What is the difference between ac and dc voltage

The direct current does not have any specific waveform because it only flows in a single direction. If you connect a DC to an oscilloscope, it will show a straight line.

However, if the voltage is pulsating, say in a digital circuit that purely runs on DC voltages, the signal waveform might appear as a pulse train or square waves. But the waveform never falls below 0V.

DC Current. DC Voltage. DC Resistance. DC Power. We need both types of electric current in our daily life application. Digital devices such as smartphones, laptops and computers, etc. The Alternating current and direct current are interchangeable. They can be easily converted from one form to the other.

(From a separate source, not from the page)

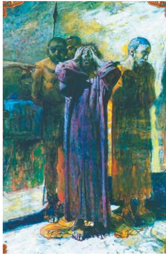
Голгофа. Николай Ге. (1893 г.)

Среди христианского квартала в северо-западной части Иерусалима возвышается храм Гроба Господня. Место это во время земной жизни Иисуса Христа находилось вне городских стен, к западу от Судных ворот, и называлось Голгофой (Краниевым, или Лобным, местом), а также Кальварией и Юдолью смерти. Оно служило местом казни преступников, которых приводили сюда на распятие, считавшееся тогда самой позорной смертью. Место это представляло собой скалистую неровную поверхность, и на одной из скал (собственно Голгофе) и был распят Спаситель наш Иисус Христос.

We use both of them to convert between the power supplies according to our needs. The outlets in our home provide AC supply but when we need to power a DC device using the same outlet, we use a rectifier such as the power supply in PC or the power adapter in a laptop cable. It helps us using the same power source to power both types of devices.

But there is a limitation of the alternating current i. Therefore, the AC is converted into smooth DC before charging a battery such as in cellphones. The charge storage provides mobility and wireless capability to the device. It is also used as an emergency backup in harsh conditions to power crucial equipment such as in hospitals etc.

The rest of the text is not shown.